I need an exact copy of the lines from the one containing "При подключении к" through the end of the records, without any pictures.
═══ Data excerpts ═══
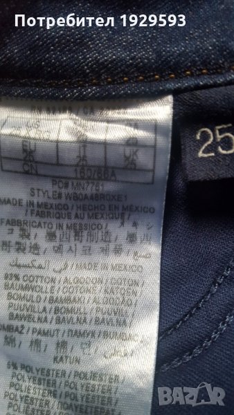 Дамски дънки марка Guess, номер 25, цвят син, нови, талия 74 см, дължина на крачола от вътрешната страна 78 см, от външната страна 98 см, имат еластичност
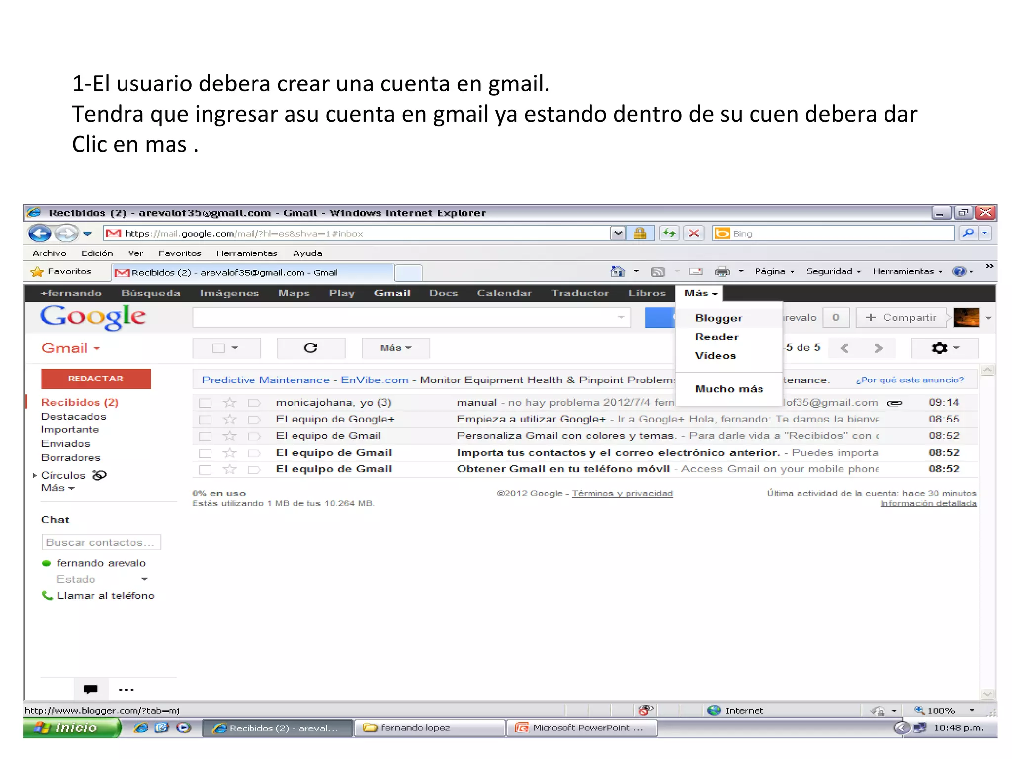 El documento proporciona 7 pasos para crear un blog en Blogger usando una cuenta de Gmail. Estos incluyen crear una cuenta de Gmail, acceder a Blogger a través de la cuenta, seleccionar una plantilla, asignar un nombre y dirección URL al blog, y empezar a publicar contenido.
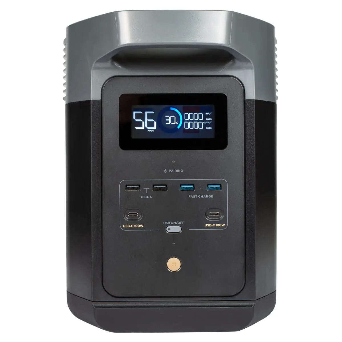 При подключении к сети зарядка EcoFlow DELTA 2 от нуля до 100% занимает порядка 80 минут. Также можно использовать солнечные панели, на это уйдет от 3 до 6 часов, или адаптер для зарядки от автомобиля.
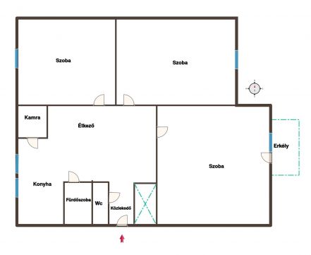 - nappali+ 2 szoba, étkező-konyha, fürdőszoba, külön wc, kamra, előszoba és erkély helyiségekből áll
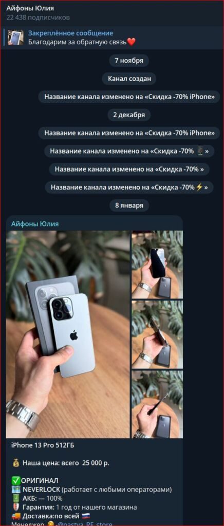Лицензии на продажу электроники у проекта нет, как и финансовой отчетности. Магазин работает нелегально, поэтому про соблюдение закона РФ можно даже не вспоминать. Работая с такими проектами, вы заведомо ставить себя под риск скама. Более того, о проекте с айфонами Соколовой Юлии нет никакой информации на профильных форумах. Учитывая этот нюанс, можно сразу сказать, что автор маркетплейса работает исключительно в рамках телеграма, где постоянно делает ребрендинг, чтобы поисковый робот не удалил канал.
═══
The completed task →
 При подключении к сети зарядка EcoFlow DELTA 2 от нуля до 100% занимает порядка 80 минут. Также можно использовать солнечные панели, на это уйдет от 3 до 6 часов, или адаптер для зарядки от автомобиля.
 - nappali+ 2 szoba, étkező-konyha, fürdőszoba, külön wc, kamra, előszoba és erkély helyiségekből áll
Лицензии на продажу электроники у проекта нет, как и финансовой отчетности. Магазин работает нелегально, поэтому про соблюдение закона РФ можно даже не вспоминать. Работая с такими проектами, вы заведомо ставить себя под риск скама. Более того, о проекте с айфонами Соколовой Юлии нет никакой информации на профильных форумах. Учитывая этот нюанс, можно сразу сказать, что автор маркетплейса работает исключительно в рамках телеграма, где постоянно делает ребрендинг, чтобы поисковый робот не удалил канал.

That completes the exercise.